* _Work order_: Omit the pictures and print exactly the lines of the listing below, starting at the first and ending at the line containing "ポール嵌合部のアダプタ径は、".

* _Information supplied_:
*****
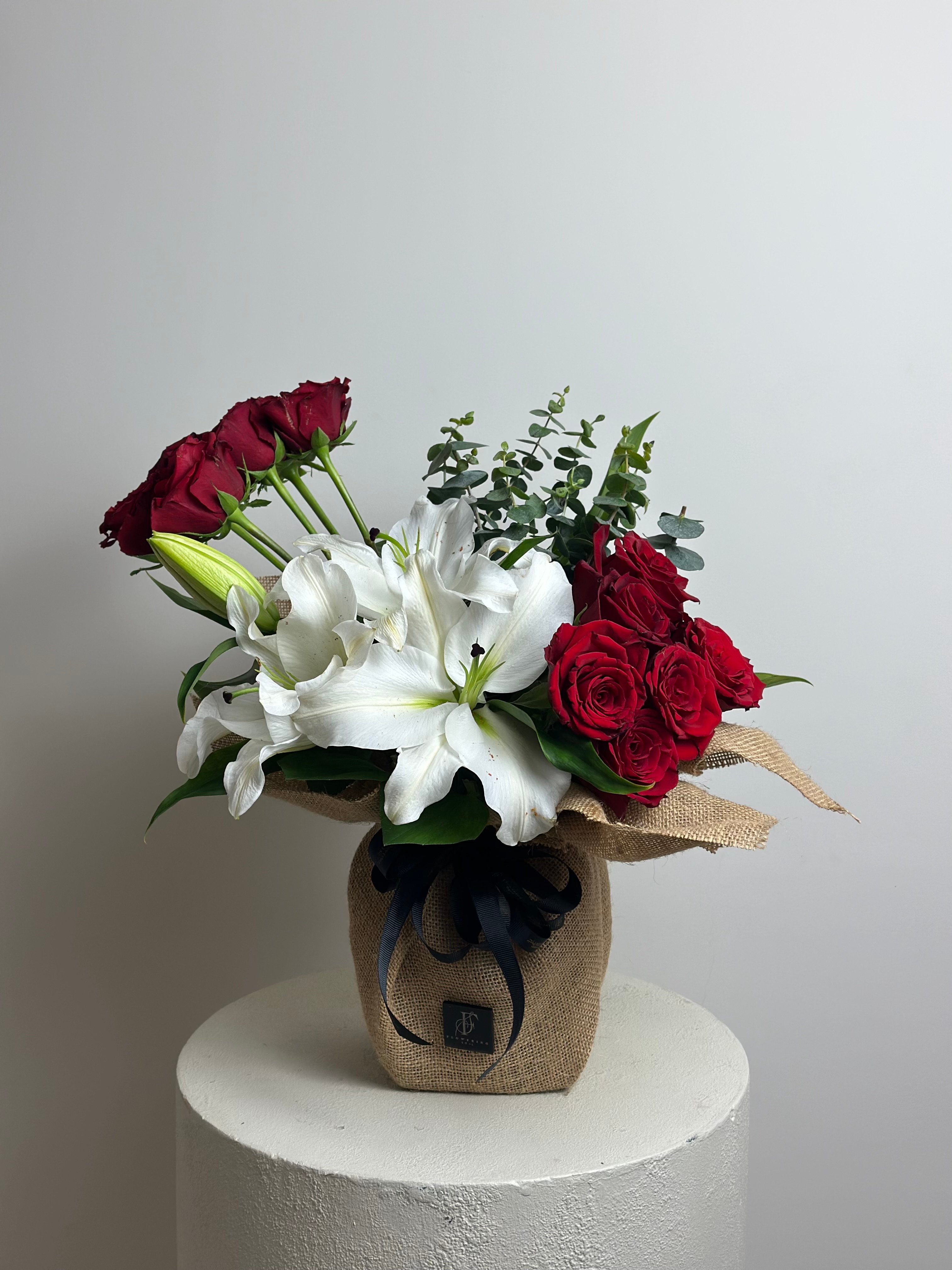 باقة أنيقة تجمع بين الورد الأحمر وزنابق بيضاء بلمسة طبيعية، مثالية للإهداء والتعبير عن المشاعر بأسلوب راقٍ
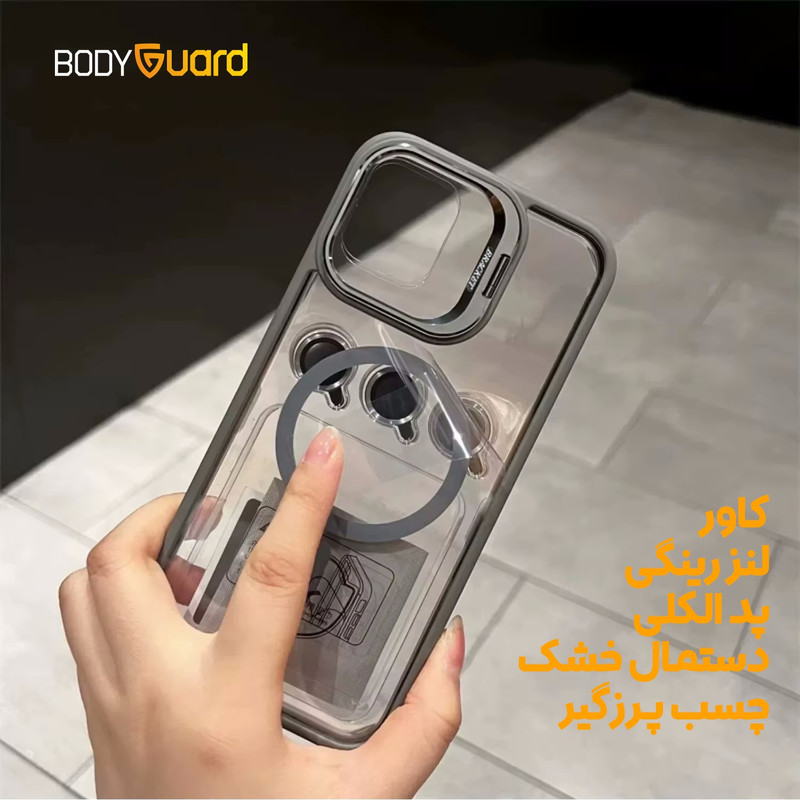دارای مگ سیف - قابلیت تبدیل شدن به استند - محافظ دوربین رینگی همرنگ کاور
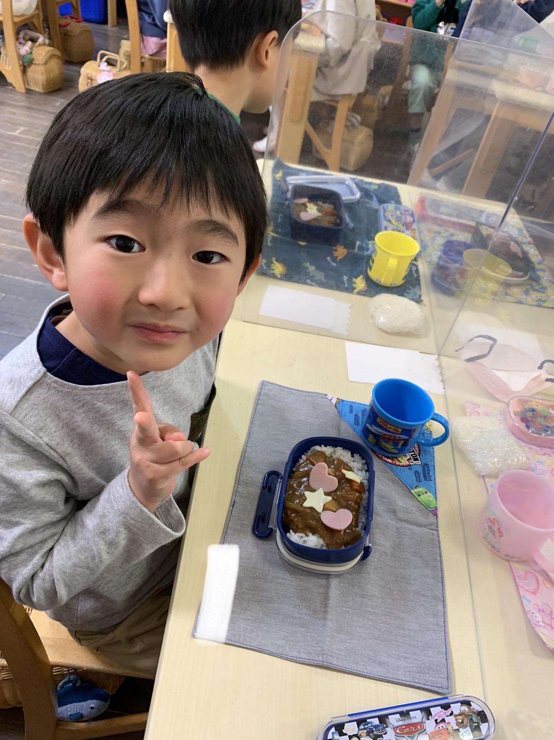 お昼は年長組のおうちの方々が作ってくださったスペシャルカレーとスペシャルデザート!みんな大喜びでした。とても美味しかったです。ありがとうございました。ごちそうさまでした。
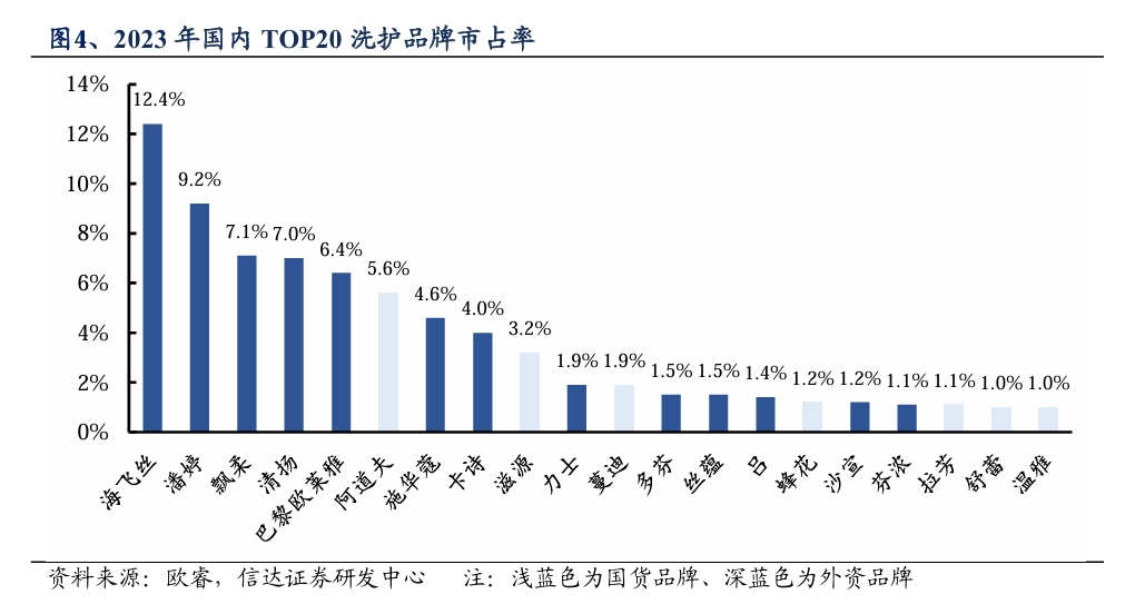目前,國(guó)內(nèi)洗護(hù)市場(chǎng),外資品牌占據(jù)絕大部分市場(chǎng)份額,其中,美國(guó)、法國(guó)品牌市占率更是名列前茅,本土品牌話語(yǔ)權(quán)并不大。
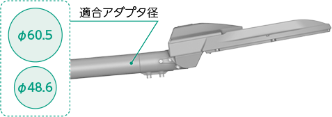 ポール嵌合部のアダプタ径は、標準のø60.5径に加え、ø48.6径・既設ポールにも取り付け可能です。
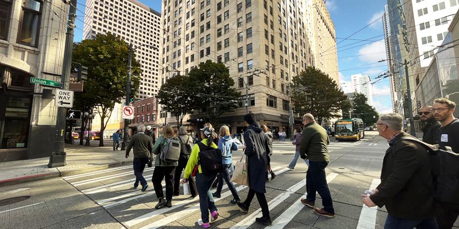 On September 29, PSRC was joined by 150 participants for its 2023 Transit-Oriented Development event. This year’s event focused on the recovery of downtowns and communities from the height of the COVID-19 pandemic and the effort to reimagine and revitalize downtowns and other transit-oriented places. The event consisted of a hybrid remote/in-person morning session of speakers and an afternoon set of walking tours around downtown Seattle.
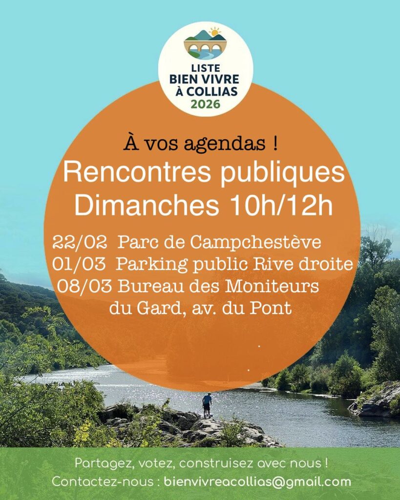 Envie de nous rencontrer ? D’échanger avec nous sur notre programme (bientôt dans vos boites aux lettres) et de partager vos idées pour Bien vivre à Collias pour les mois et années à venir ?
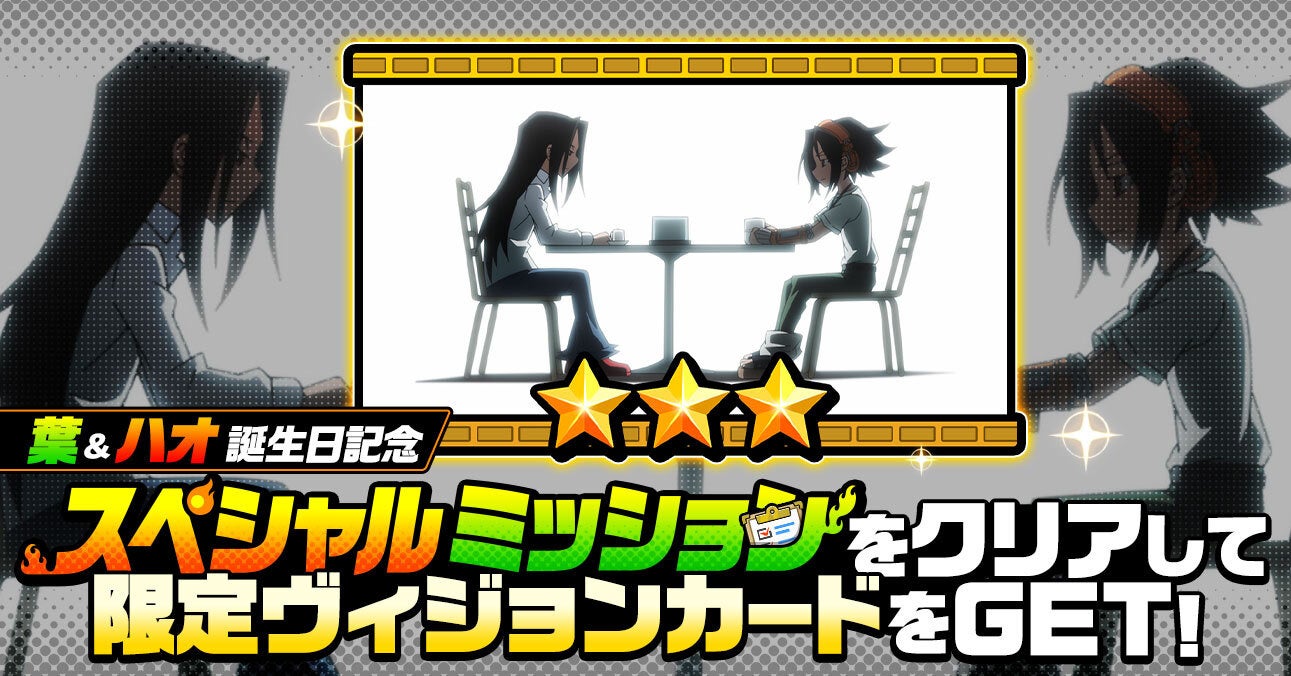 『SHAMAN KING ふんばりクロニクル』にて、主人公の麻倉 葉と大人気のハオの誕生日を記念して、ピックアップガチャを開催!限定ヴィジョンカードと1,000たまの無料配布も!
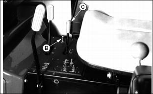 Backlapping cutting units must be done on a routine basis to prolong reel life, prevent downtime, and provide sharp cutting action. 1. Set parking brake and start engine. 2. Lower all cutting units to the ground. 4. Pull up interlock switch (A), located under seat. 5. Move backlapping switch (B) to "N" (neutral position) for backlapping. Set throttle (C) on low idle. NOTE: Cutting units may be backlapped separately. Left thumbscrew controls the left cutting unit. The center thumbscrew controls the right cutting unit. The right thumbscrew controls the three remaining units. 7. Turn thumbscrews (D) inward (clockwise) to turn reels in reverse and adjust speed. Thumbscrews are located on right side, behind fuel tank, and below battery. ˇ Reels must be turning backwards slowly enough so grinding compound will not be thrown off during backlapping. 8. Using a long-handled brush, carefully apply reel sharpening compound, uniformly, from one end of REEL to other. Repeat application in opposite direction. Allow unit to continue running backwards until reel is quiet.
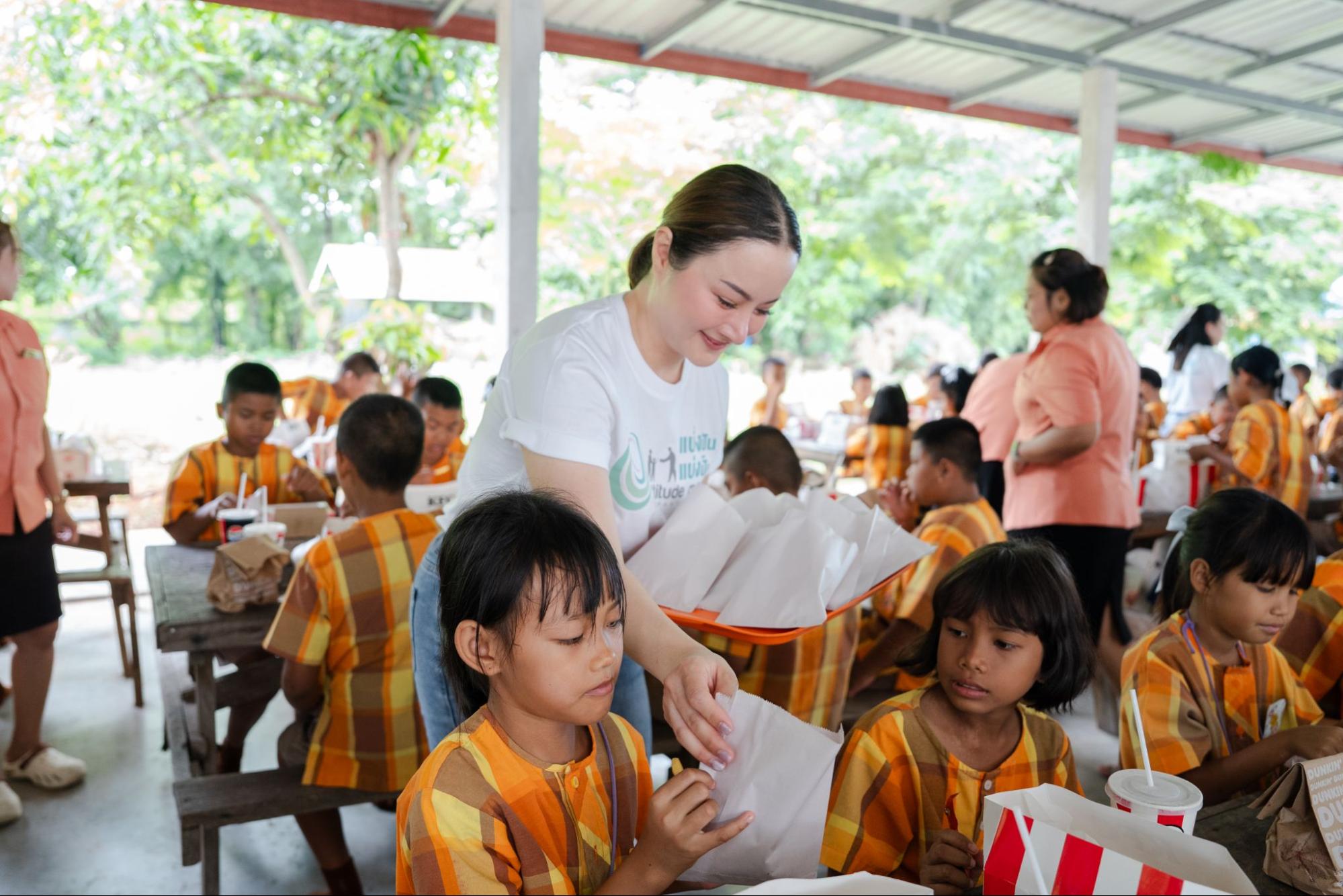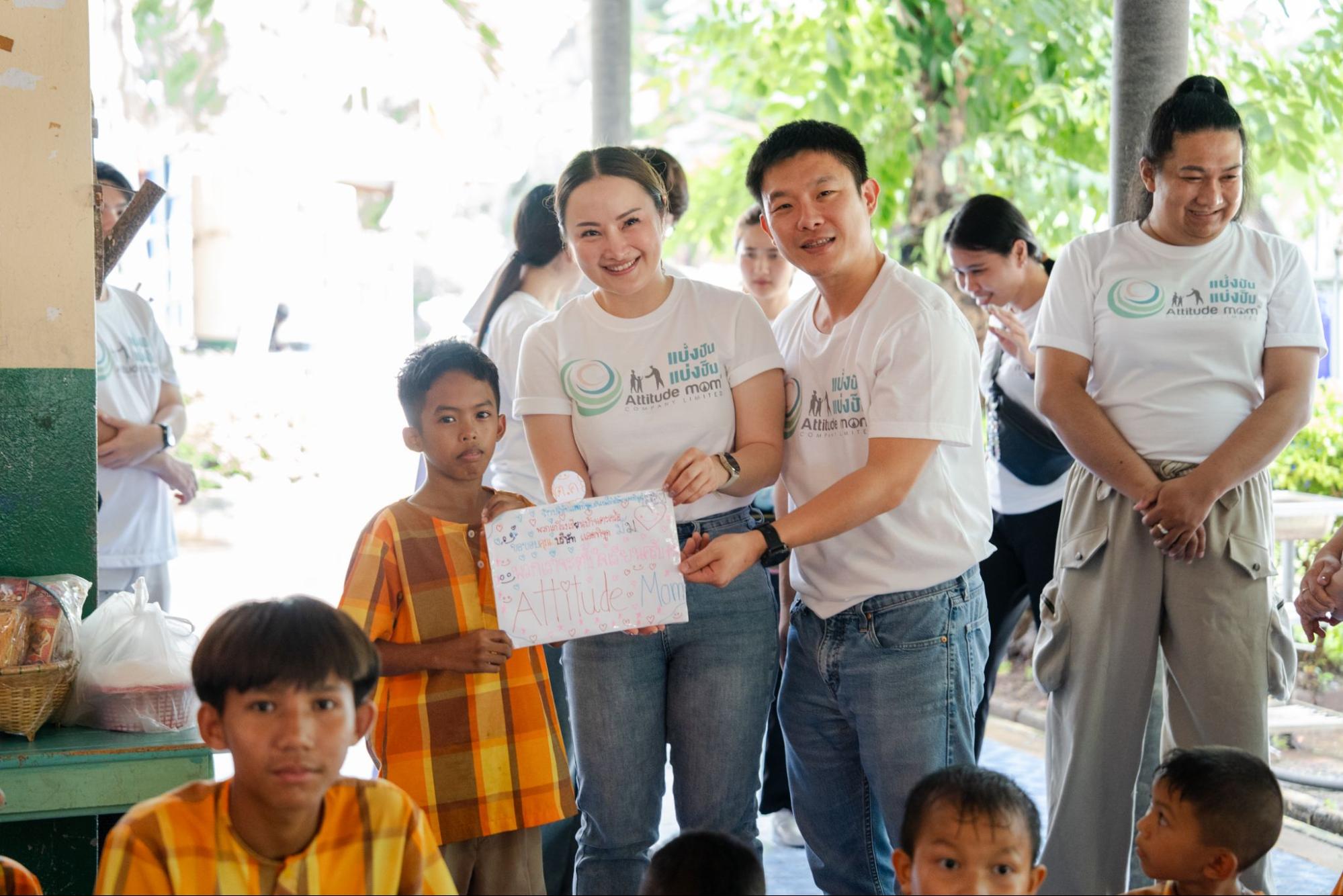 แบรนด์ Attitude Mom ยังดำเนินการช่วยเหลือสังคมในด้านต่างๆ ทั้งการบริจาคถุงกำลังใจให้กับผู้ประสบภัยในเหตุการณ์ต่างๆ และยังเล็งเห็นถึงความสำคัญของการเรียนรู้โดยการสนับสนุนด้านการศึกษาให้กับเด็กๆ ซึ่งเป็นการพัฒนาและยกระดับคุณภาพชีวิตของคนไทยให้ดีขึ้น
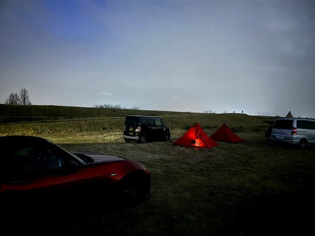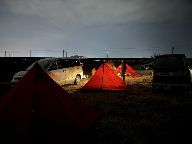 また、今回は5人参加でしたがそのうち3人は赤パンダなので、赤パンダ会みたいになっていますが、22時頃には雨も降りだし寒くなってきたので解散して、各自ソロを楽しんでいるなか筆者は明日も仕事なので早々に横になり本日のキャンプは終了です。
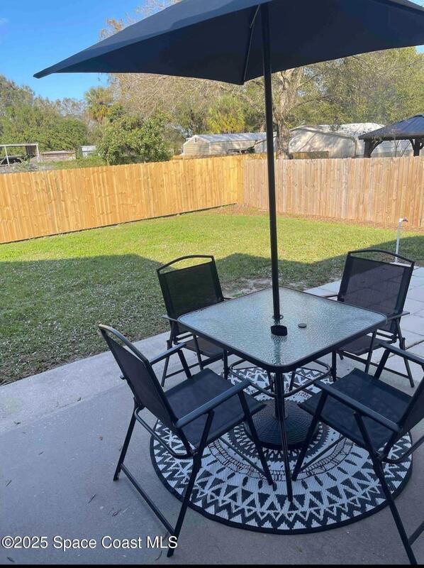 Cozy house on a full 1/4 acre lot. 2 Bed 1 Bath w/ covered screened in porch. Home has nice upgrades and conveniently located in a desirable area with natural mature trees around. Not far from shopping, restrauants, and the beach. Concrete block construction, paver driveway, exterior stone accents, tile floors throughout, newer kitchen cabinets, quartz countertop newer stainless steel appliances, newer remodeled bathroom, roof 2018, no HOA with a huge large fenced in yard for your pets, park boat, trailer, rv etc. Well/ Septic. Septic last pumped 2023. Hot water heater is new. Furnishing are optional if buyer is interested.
*****
* _Task solution_:
 باقة أنيقة تجمع بين الورد الأحمر وزنابق بيضاء بلمسة طبيعية، مثالية للإهداء والتعبير عن المشاعر بأسلوب راقٍ
دارای مگ سیف - قابلیت تبدیل شدن به استند - محافظ دوربین رینگی همرنگ کاور
 お昼は年長組のおうちの方々が作ってくださったスペシャルカレーとスペシャルデザート!みんな大喜びでした。とても美味しかったです。ありがとうございました。ごちそうさまでした。
目前,國(guó)內(nèi)洗護(hù)市場(chǎng),外資品牌占據(jù)絕大部分市場(chǎng)份額,其中,美國(guó)、法國(guó)品牌市占率更是名列前茅,本土品牌話語(yǔ)權(quán)并不大。
 ポール嵌合部のアダプタ径は、標準のø60.5径に加え、ø48.6径・既設ポールにも取り付け可能です。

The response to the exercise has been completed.